Mars colonists could create a carbon dioxide plasma in order to supply oxygen to their settlement(s):
The atmosphere on Mars is 96 per cent carbon dioxide, says Vasco Guerra at the University of Lisbon in Portugal. This can be split to extract breathable oxygen and carbon monoxide, a fuel that could give us a "gas station on the Red Planet", he says. He and his team calculate that creating a carbon dioxide plasma — a mush of ions made by passing an electric current through a gas — could split carbon dioxide from oxygen more easily on Mars than on Earth.
The lower atmospheric pressure on Mars would allow us to create plasmas without the vacuum pumps or compressors necessary on Earth. Also, the temperature of around -60°C is just right to let the plasma more easily break one of the chemical bonds that keeps carbon and oxygen tightly bound, while preventing the carbon dioxide from re-forming.
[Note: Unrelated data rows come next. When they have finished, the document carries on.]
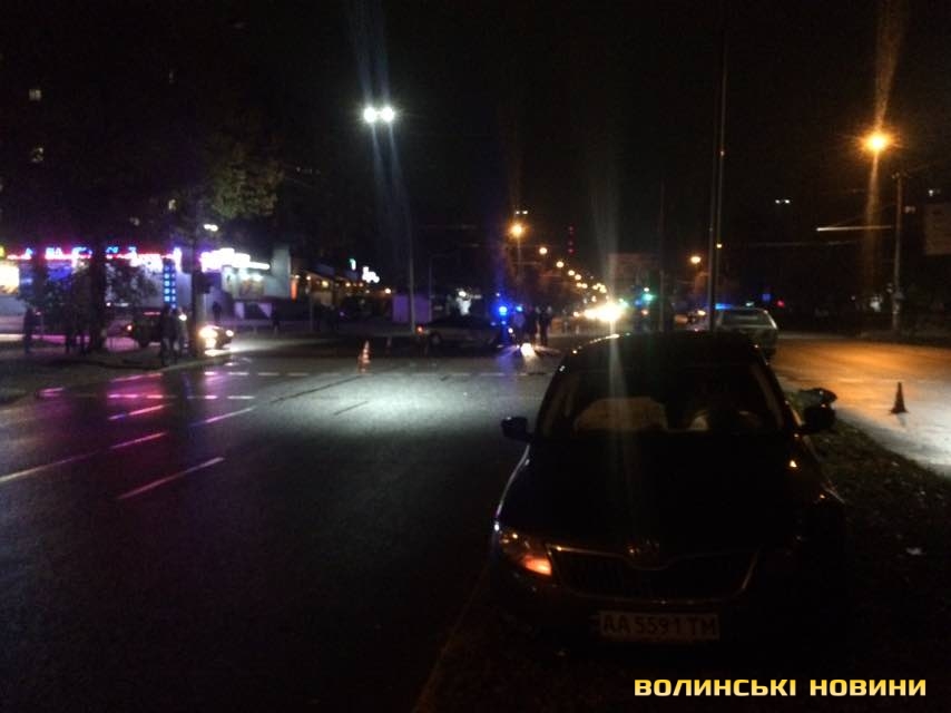 Як повідомили Інформаційному агентству Волинські Новини очевидці аварії, водій автомобіля Ford виїжджав з вулиці Воїнів Інтернаціоналістів та допустив зіткнення, не надавши переваги водію автомобіля Skoda. Від зіткнення Skoda відкинуло на узбіччя, де авто збило світлофор. Відтак, станом на 19:40 на перехресті світлофори не працюють.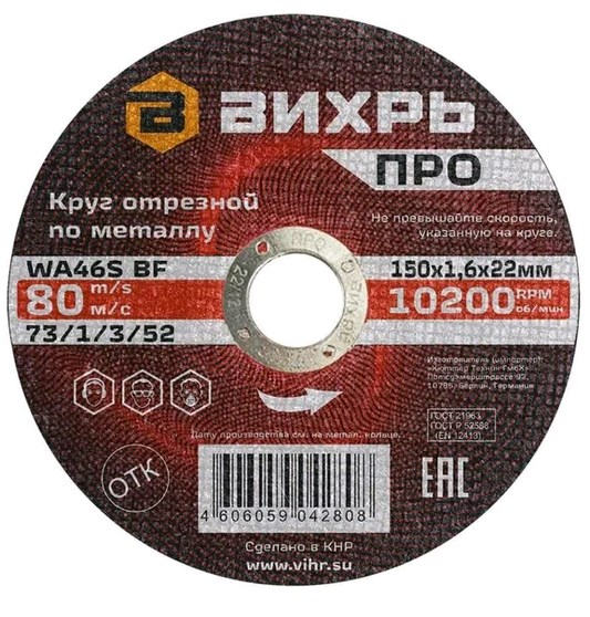 Диск отрезной по металлу ВИХРЬ ПРО 150х1,6х22 мм (выбивать по 25 шт!! цена за 1 шт!!)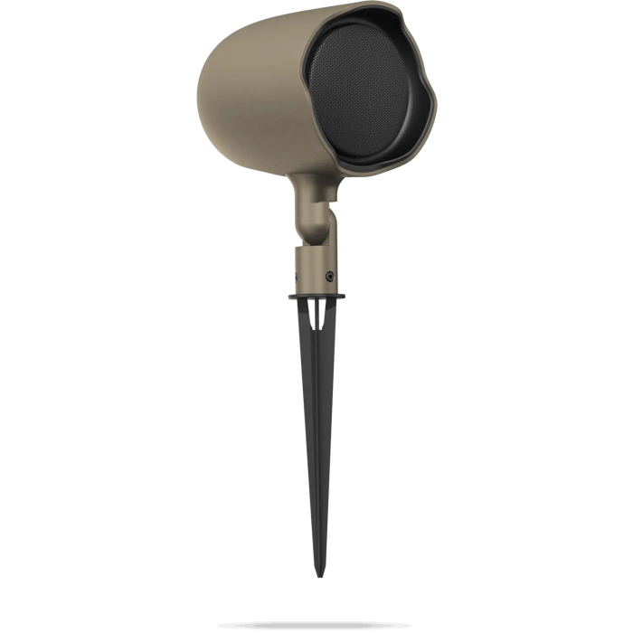 Altavoz de Paisaje con Estaca de Tierra El compact, resistente a la intemperie JBL GSF3 altavoz de paisaje proporciona una fidelidad superior y una amplia cobertura en una variedad de aplicaciones comerciales al aire libre, con un sistema de controlador coaxial personalizado de dos vías y 3 pulgadas que ofrece un sonido de rango completo y cristalino. (Extienda la respuesta de bajos del sistema con los subwoofers enterrados JBL GSB8 o GSB12.) Este versátil altavoz cuenta con un transformador multi-tap de 15 vatios para su uso en sistemas distribuidos de 70V/100V, y es conmutable para operación directa de 8 ohmios.Características? Transductores: woofer de 83 mm (3?) con cono de polipropileno y bobina móvil de 25 mm (1?) sobre formador de bobina móvil Kapton, Tweeter de cúpula de titanio de 20 mm (0,8 pulgadas) con conjunto de imán de neodimio y formador de bobina móvil Kapton.? Rango de frecuencia: 74 Hz ? 20 kHz? Manejo de energía (con configuración de 8 ?): 30 W de ruido rosa continuo, 60 W de programa continuo? Clasificación IP66 contra la entrada de agua y polvo.? El transformador de 15 W con tomas múltiples se puede conmutar para operación directa de 8 ? o uso en sistemas distribuidos de 70 V/100 V.? El orificio de goteo inferior proporciona drenaje para los conductores.? Combina bien con los subwoofers paisajísticos empotrados JBL GSB8 y GSB12? Dirigido mediante bisagra ajustable? Incluye estaca de tierra y soporte en L para montaje en superficie? Incluye selector de grifo ubicado en la parte inferior del altavoz, lejos de la incursión de agua.? Disponible en acabado verde cazador o tostado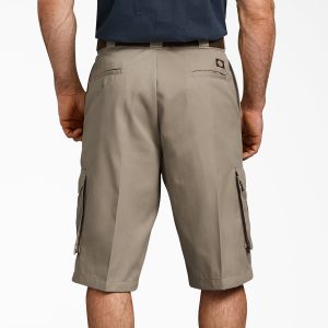 When the heat is on at work. keep it loose with our spacious. flexible Men’s Loose Fit Cargo Work Shorts. 13. The knee-length cut provides stylish longer coverage and optimum comfort. The FLEX fabric helps you stay sharp with a wrinkle-resistant design with an easy-care stain release finish that is easy to care for. Bellowed cargo pockets allow for generous storage. The ample fit is roomy in the seat and thigh. It is easy to wear a heavy tool belt with our signature tunnel belt loops.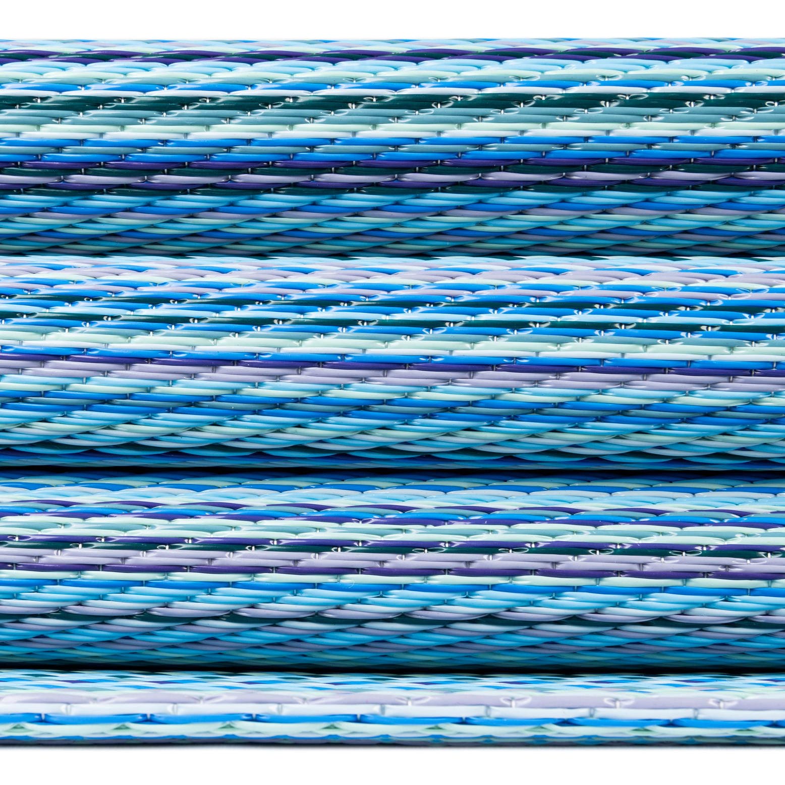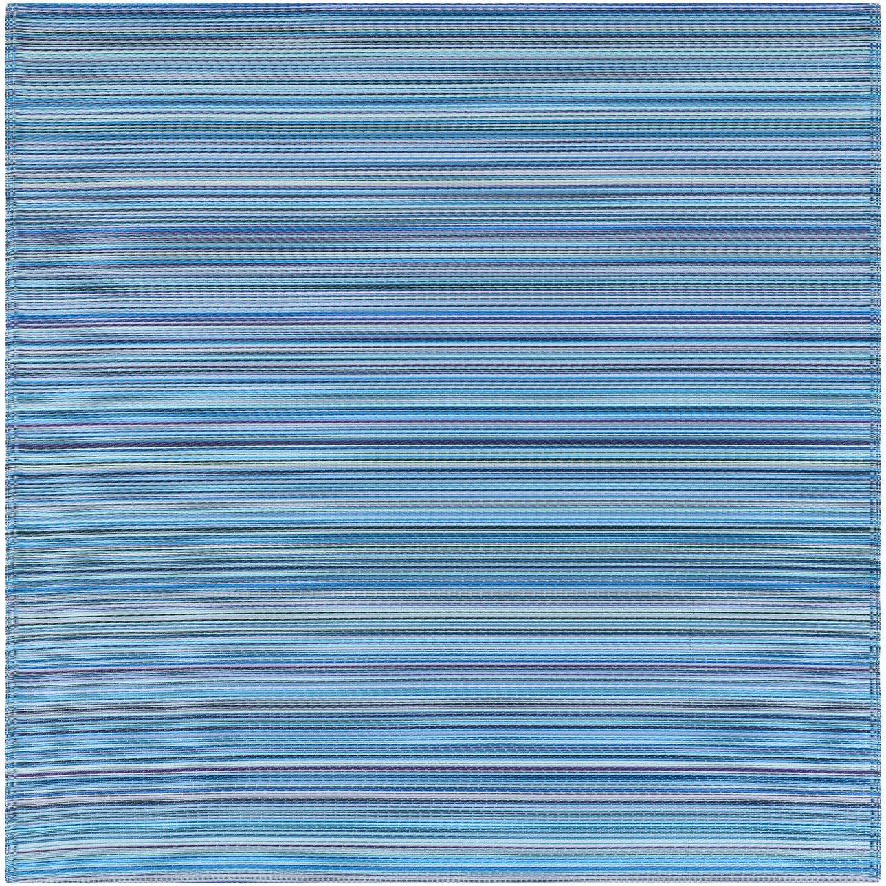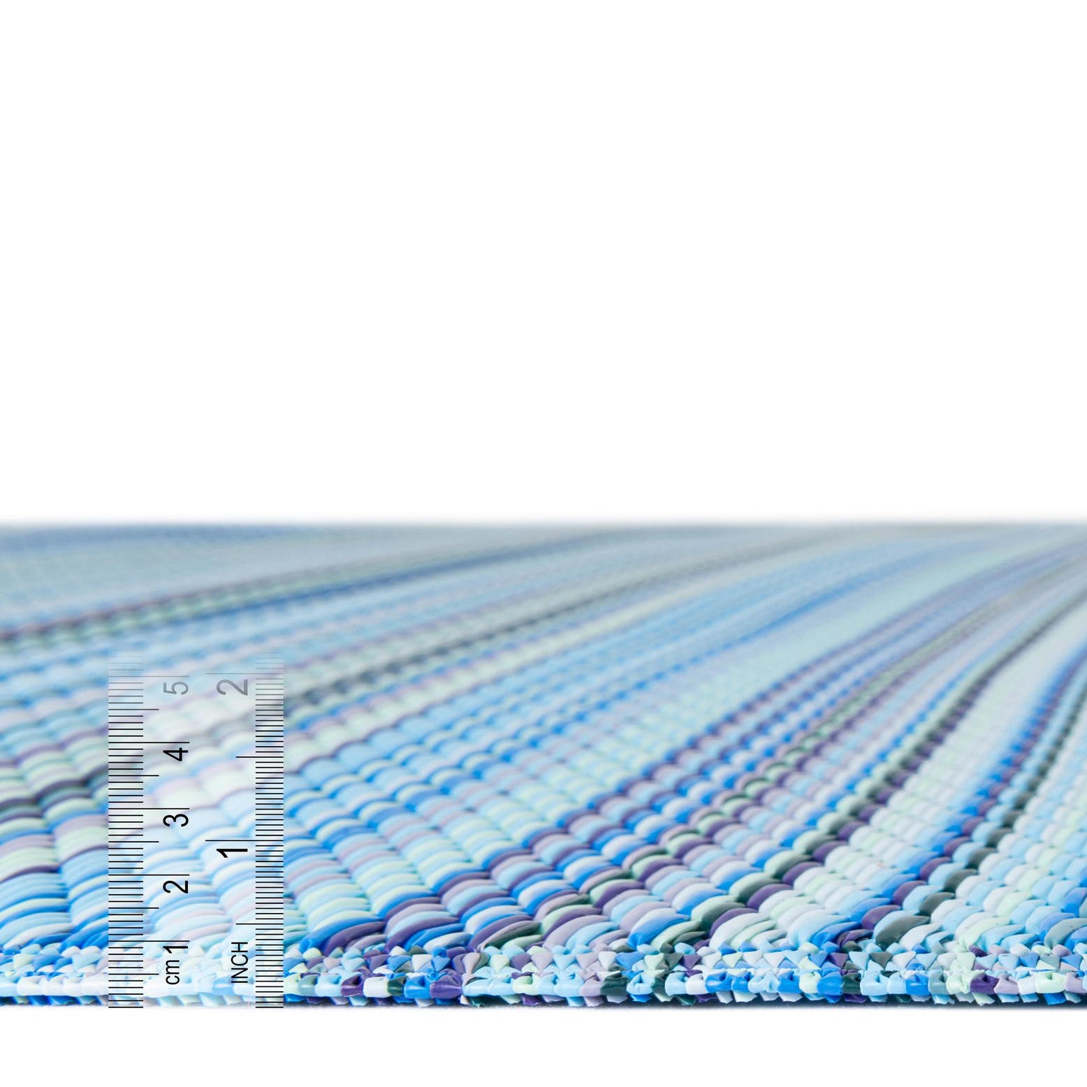 Machine-made from 100% polypropylene, the rug has a low-profile, tightly woven surface with a faintly ribbed texture that feels smooth underfoot. Its flat, stable weave sits well beneath patio furniture or indoor seating and works especially well in outdoor living areas, poolside decks, screened porches, sunrooms, or casual coastal and contemporary interiors. Pair it with wicker or teak seating, navy cushions, whitewashed wood accents and lots of greenery to emphasize the cool, layered blues.

For now, this is largely theoretical, but they say such a system needing only 150 to 200 Watts for 4 hours each 25-hour Mars day could produce 8 to 16 kilograms of oxygen. "The International Space Station currently consumes oxygen in the range of 2 to 5 kilograms per day, so this would be enough to support a small settlement," says Guerra.
The case for in situ resource utilisation for oxygen production on Mars by nonequilibrium plasmas (open, DOI: 10.1088/1361-6595) (DX)
(Score: 0) by Anonymous Coward on Friday October 27 2017, @02:38PM (2 children)
I don't think "toxin" covers it for me when I think about CO.
I think of "toxin" as something where I shouldn't spill it or it will burn my skin.
if a CO container is broken, it means you lose many red-blood cells with every breath (and I'm not sure how many breaths you can take untill you lose all of them). and you need time to make others.
(Score: 0) by Anonymous Coward on Friday October 27 2017, @03:01PM (1 child)
Right, and this is where we get to the basics of toxicology. Doses is important in toxicity of a substance (solid, liquid or gas). 5 beers might give you a head ache the day after, someone shoving 1 litre of 70% ethanol through your throat could very well kill you.
(Score: 2) by c0lo on Friday October 27 2017, @03:28PM
Using a shovel on my throat will likely kill me no matter what it's loaded with.
Unless, of course, they'll be using only a small dose of that shovel.